Примечательно, что человечность (как схожесть с человеком, человекообразность) чёрта проявляется лишь в толпе, это «лицо толпы», «как все», в то время как человек как личность, как образ Божий, не имеет ничего общего с этим «как все». Соглашаясь быть как все, следовать моде, всему преходящему, зову времени, человек впадает в пошлость и суетность, сливаясь со множеством безликих индивидуумов, становясь одним из тех, имя кому легион. Таким образом, лишь собственное ничтожество человека, возникающее при потере им образа Божия, порождает величие чёрта, лишь человеческая пошлость и плоскость возвеличивают его.

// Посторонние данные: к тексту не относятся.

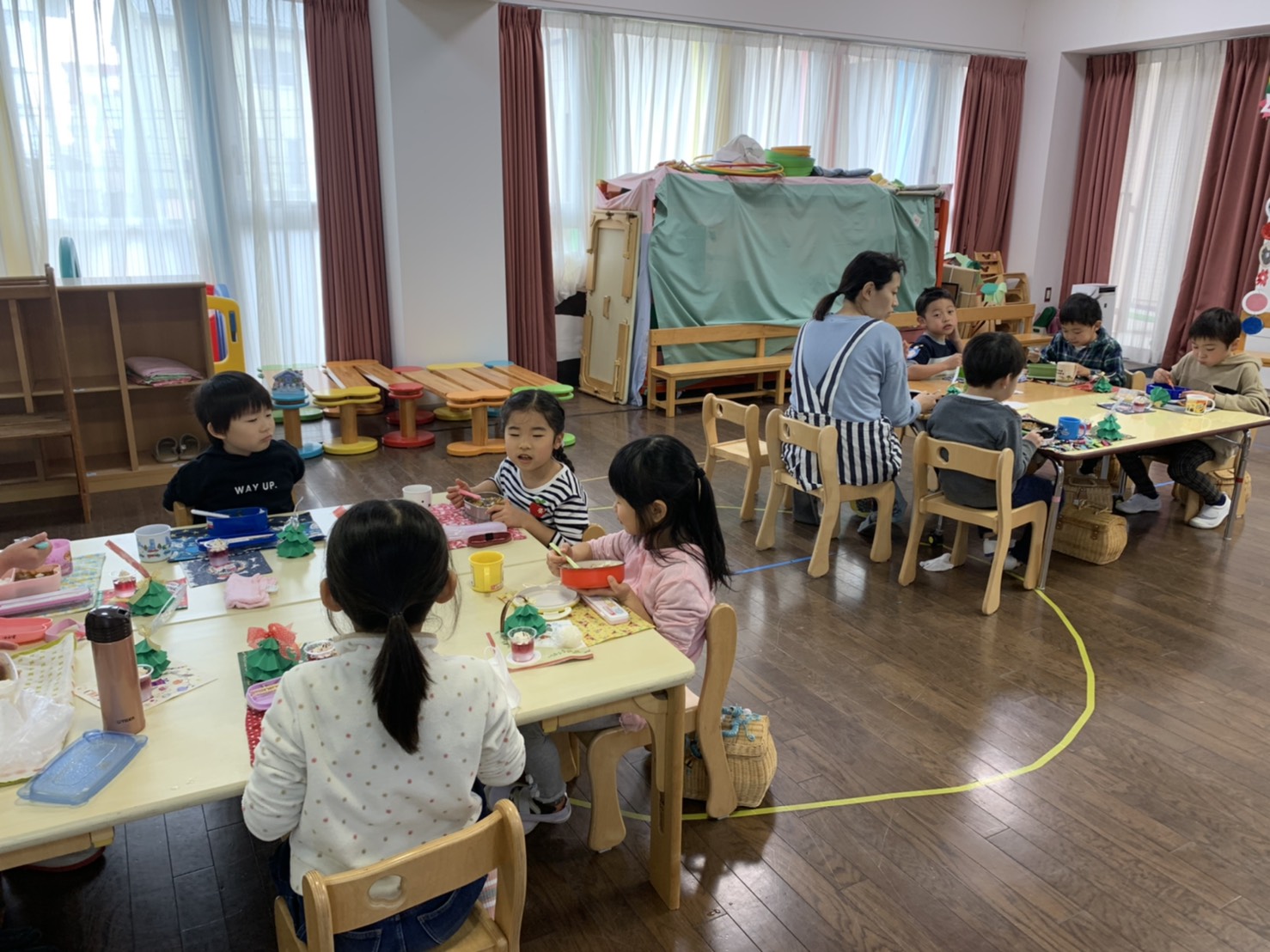 今日は年長組のおうちの方が美味しいカレーを作ってくださり、デザートもデコレーションしてくださいました。手作りクリスマスツリーのプレゼントもいただいて、喜んでいました。ありがとうございました!ステキなクリスマスの思い出がまた一つ出来ました。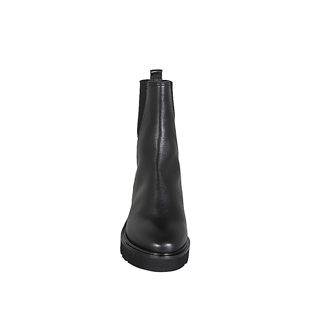 Bottines pour femmes en cuir cognac avec élastiques et plateforme talon 8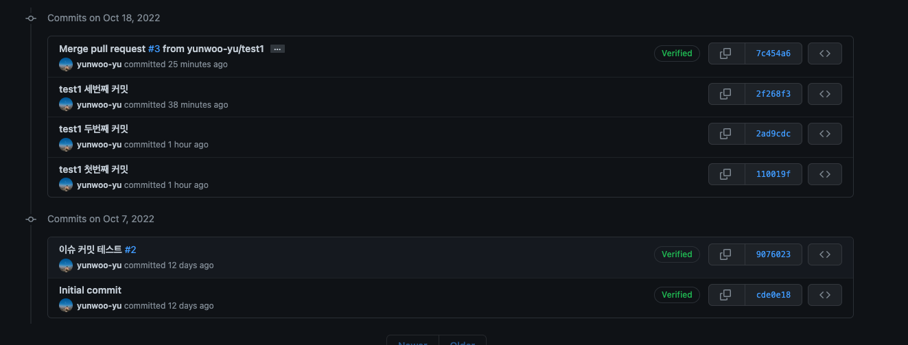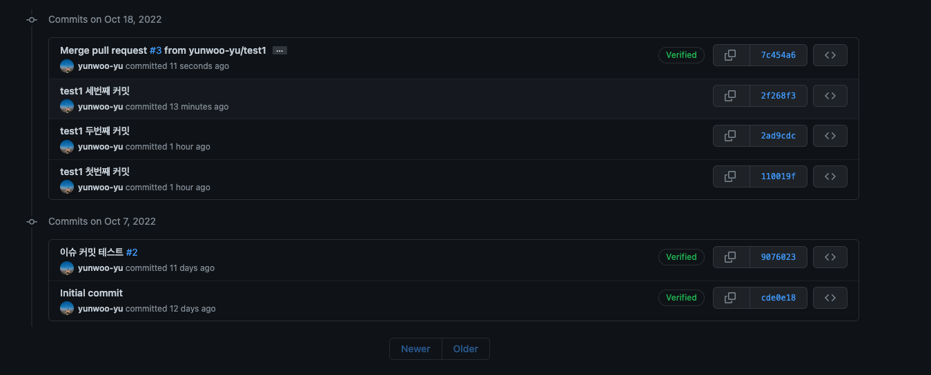 - main ๋ธ๋์น ์ปค๋ฐ๋ด์ญ์ ๋ณด๋ฉด 3๊ฐ์ ์ปค๋ฐ๊ณผ ๋จธ์ง ์ปค๋ฐ์ด ๋จ์์๋ค. ๋ด๊ฐ ๋์๊ฐ๊ณ ์ถ์ ์์ ์ ์ด์ ์ปค๋ฐ ํ ์คํธ #2 ๋ถ๋ถ์ด๋ค.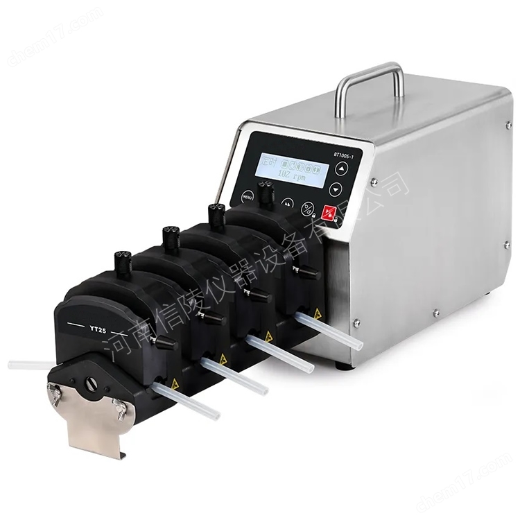 BT100S-1调速型多通道定时蠕动泵,流量范围是0.00011~750mL/min,转速范围是0.1~150rpm,可以实现8、12、16、24通道,即8、12、16、24支软管同时传输流体。具有启停、正反转、全速、调速、状态记忆等基本功能;可设定运行时间、间歇时间、循环次数等参数实现定时定量、液体分装的功能。具有转速缓停、回吸功能,可有效防止停机时液体滴落;采用进口内核处理器,高品质步进电机驱动,转速控制精度高达±0.5%;通过APP软件,可对泵进行远程控制,并对运行状态实时监测;RS485通讯,兼容Modbus协议,可通过多种信号模式与计算机、单片机、PLC、变频器、人机界面等上位机连接,实现系统化集中控制。在生物实验室中用于细胞培养、DNA提取、蛋白质纯化等实验;在化学实验室中用于液体分配、反应控制、样品前处理等环节,也常用于实验室中的制剂输送、试剂配制和化学反应等实验操作。
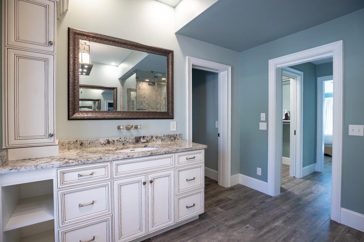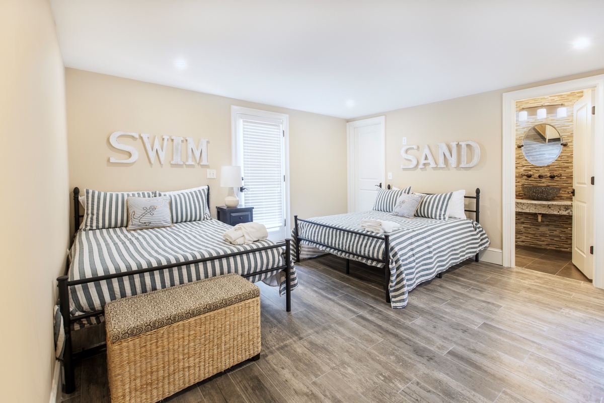 Inside, the open-floor plan is designed to maximize ocean views from every angle. The formal dining and bar area offers seating for sixteen. The living space is furnished with coastal decor, a decorative fireplace, and a flat-screen TV. The chef’s kitchen is fully equipped with a six-burner Wolf range, a Sub-Zero refrigerator, and a Sub-Zero wine refrigerator. Every open space features a TV, and there is a quiet office space with a printer and 500MB high-speed internet. The first floor includes a spacious media room that opens to the screened porch through sliding glass doors. Three of the six guest suites are located on this level. Two of them feature ocean views, king beds, flat-screen TVs, private access to the ocean facing terraces, and spa-like private baths. The third has two double beds, a flat-screen TV, and an updated en suite with a walk-in shower.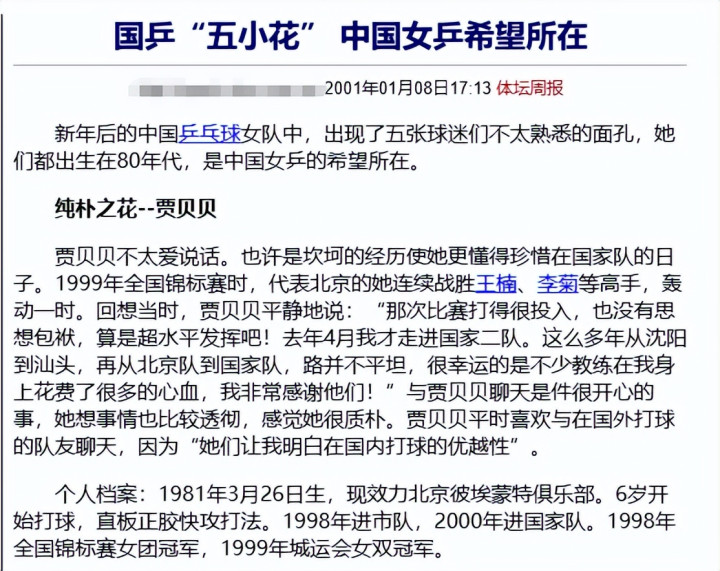 被官媒称为国乒“五小花”之一,一度被视作女队的未来之星。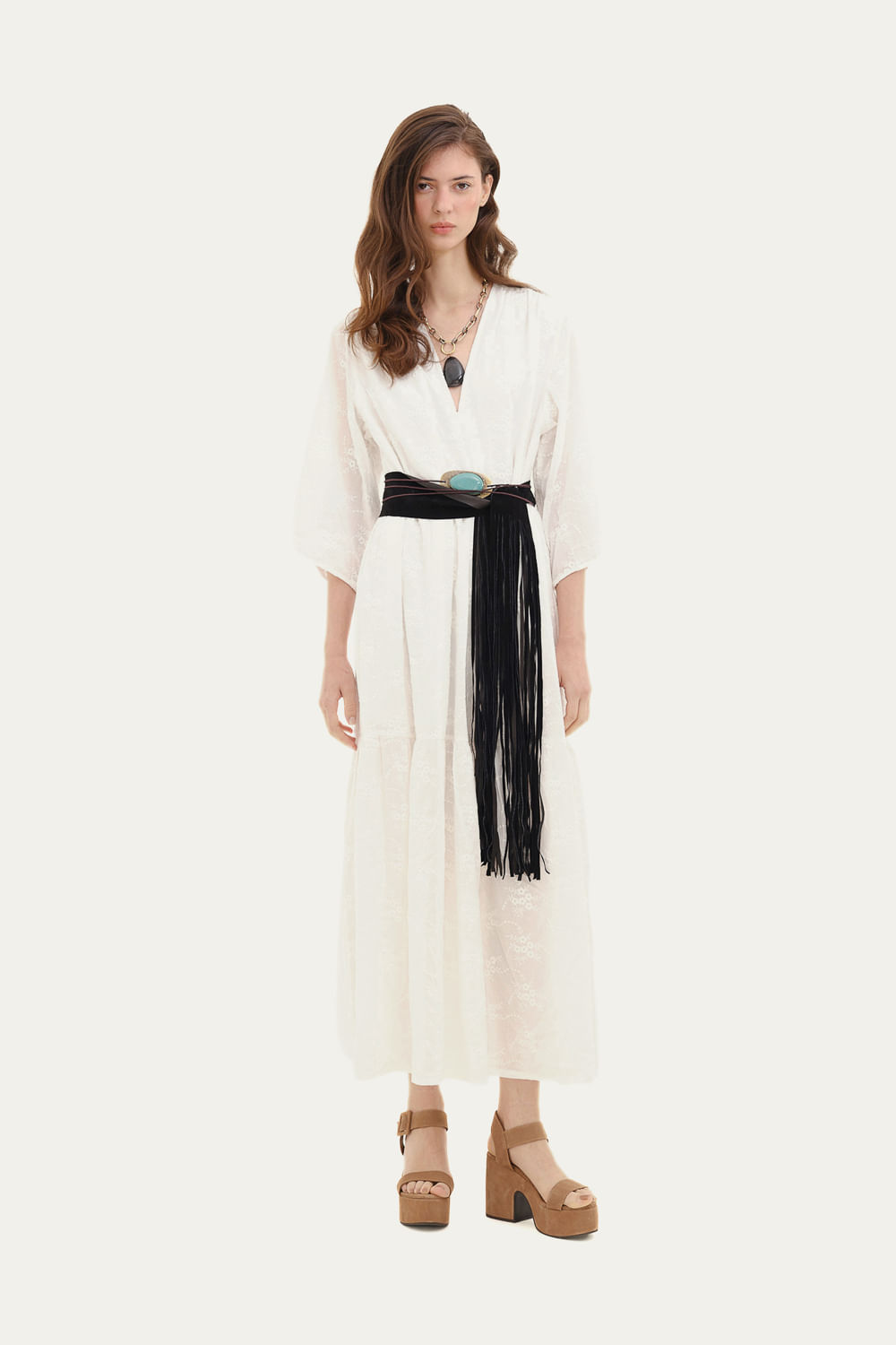 Vestido Longo Chackra Chaouiche - PRETO E BRANCO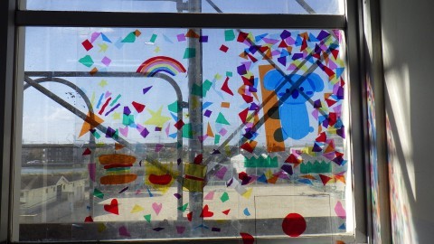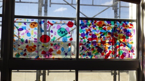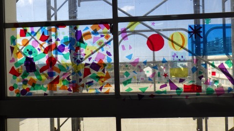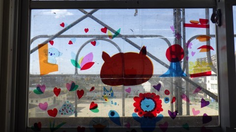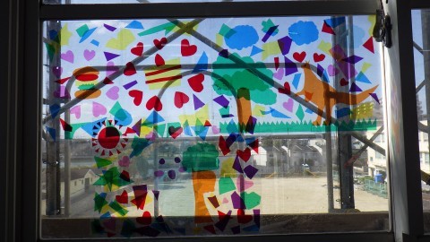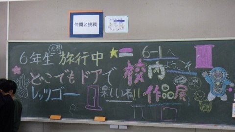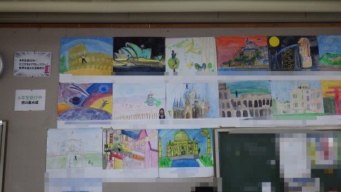 6年生は来てくれるみんなへのメッセージもありました。廊下には,オーストラリアの友だちと作った思い出のステンドグラス!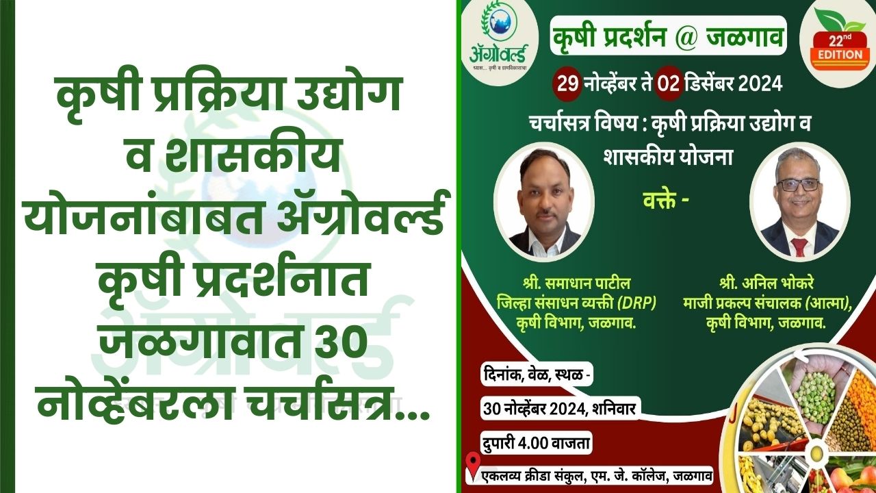 कृषी प्रक्रिया उद्योग व शासकीय योजनांबाबत अॅग्रोवर्ल्ड कृषी प्रदर्शनात जळगावात 30 नोव्हेंबरला चर्चासत्र…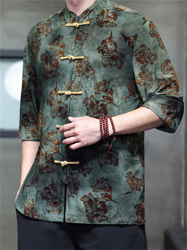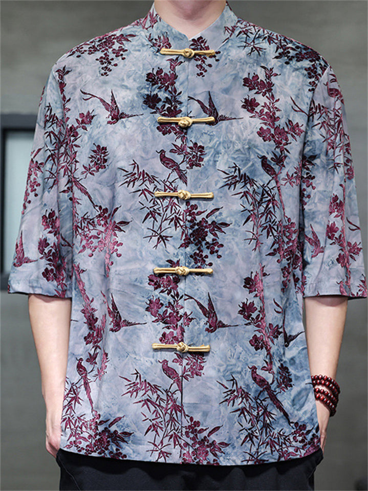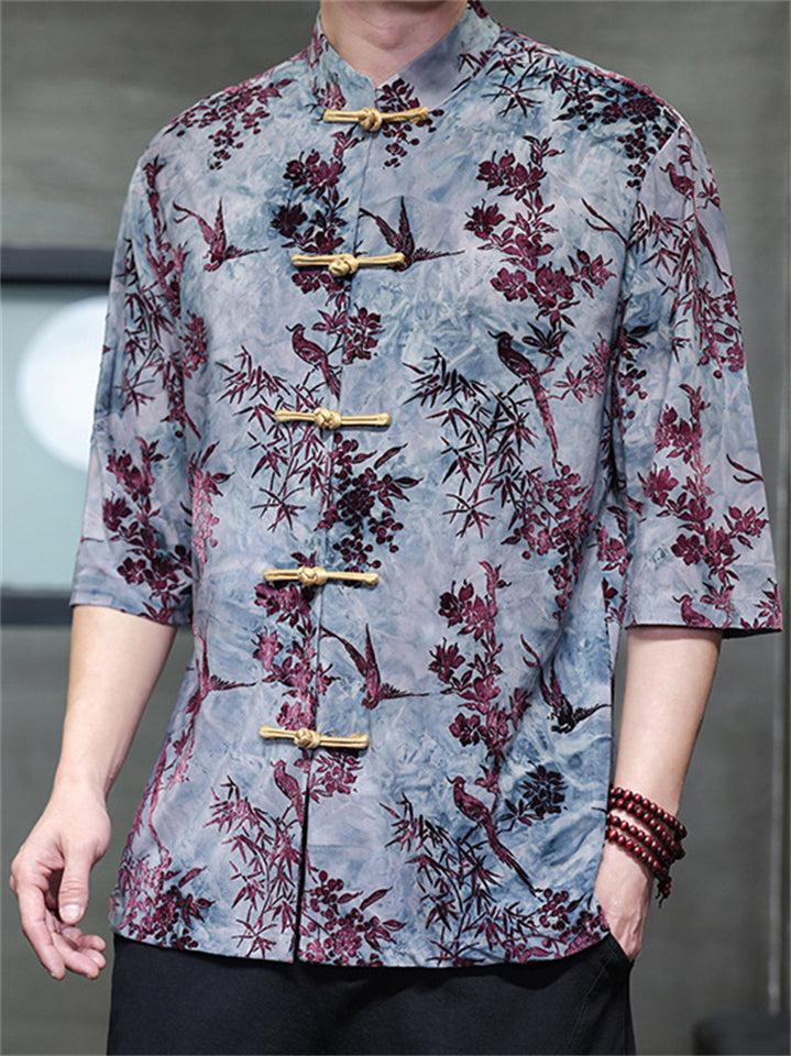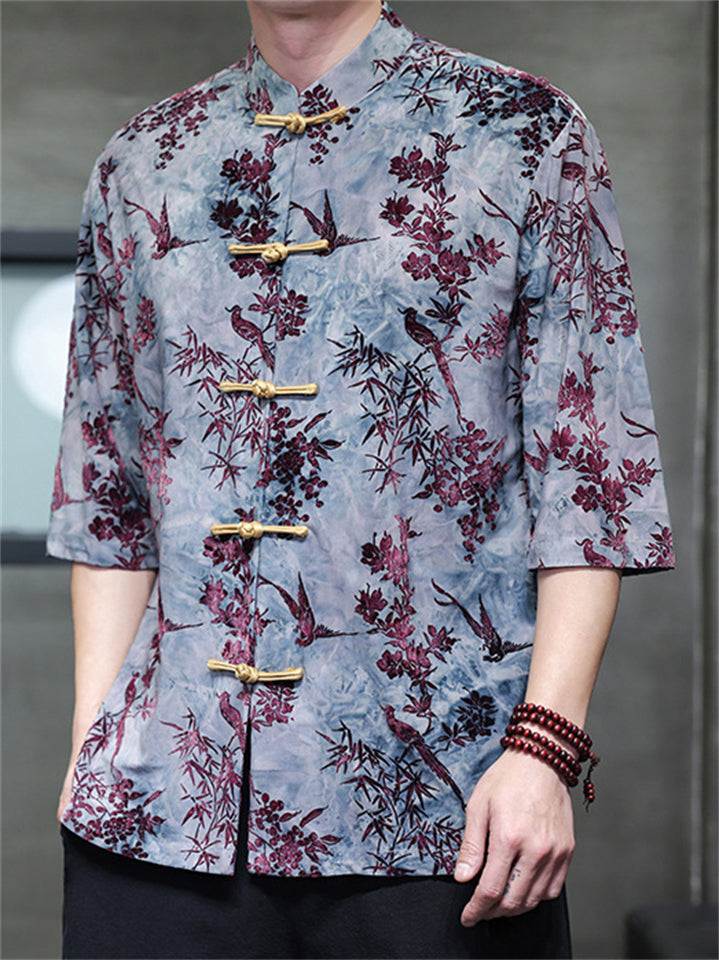 Men's Autumn Vintage Chinese Style Printed Frog Button Tangsuit Shirts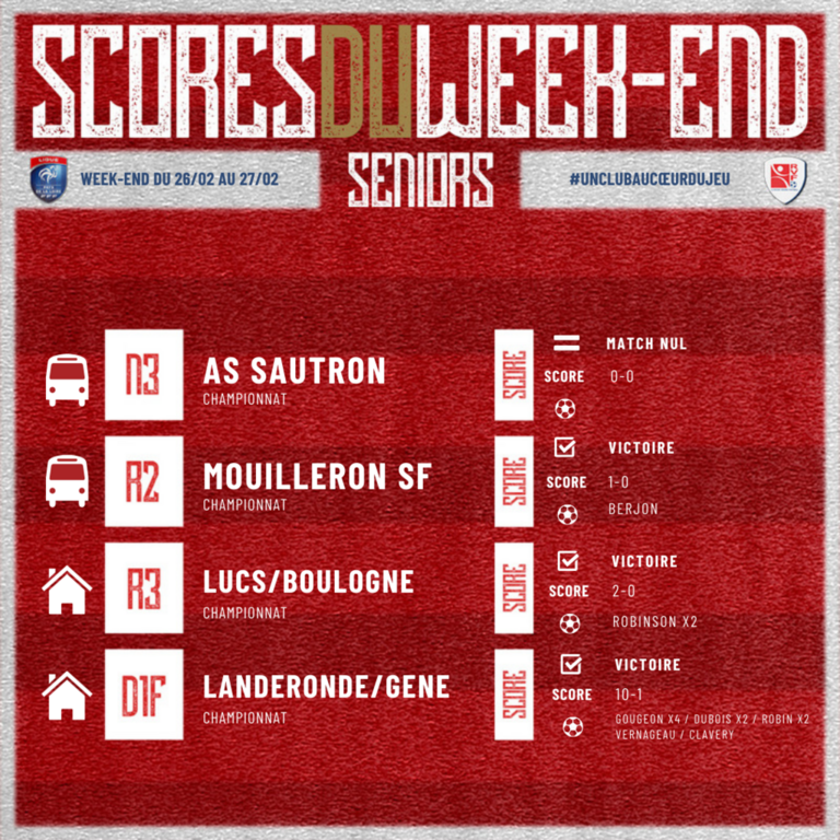 Malgré un match nul de notre équipe fanion sur le terrain de l'AS Sautron ce samedi soir. C'est un quasi-sans-faute pour notre pôle senior ce dimanche grâce aux victoires 1-0 et 2-0 de nos équipes réserves masculines et un festival de buts pour notre équipe féminine face à Landeronde/Gene sur le synthétique du stade Henri Desgrange.

Именно «как все» предстаёт перед нами положительный и солидный Чичиков. Положительность Чичикова, как отмечает Мережковский, носит буржуазный, промышленно-капиталистический характер, она основывается на жажде приобретения, жажде «сколотить копейку». Впрочем, страсть к стяжательству, несвойственная русскому православному архетипу, является основой для культуры европейской, особенно протестантской, и Мережковский не упускает случая отметить это, признавая за русскими удивительный дар срывать с западной культуры хлестаковские цветы удовольствия [Там же].

Общей характерной чертой Чичикова и Хлестакова является непрочность их общественного положения, видимая вначале, как бы «вкрадчивость», прощупывание, насколько готовы обмануться другие. Лишь пошлость и низость других героев делают «странствующего рыцаря денег» Чичикова [Там же] и «подбитого ветром», «простого елистратишку» [9] Хлестакова такими устойчивыми, реальными, позволяет им «стать твёрдою стопой на прочное основание» [13]. Именно этот принцип возвышения за счёт ничтожества других есть истинный механизм величия дьявола, отмечает Мережковский. Впрочем, соглашаясь с Мережковским в том, что Гоголь первый в русской литературе «понял, что черт и есть самое малое, которое лишь вследствие нашей собственной малости кажется великим» [Там же], следует отметить, что большую роль в этом понимании

сыграло чтение святоотеческой православной литературы [6], к которой писатель-мистик постоянно прибегал как к источнику своего духовного развития, стремясь приблизить своё творчество к жанру духовной литературы.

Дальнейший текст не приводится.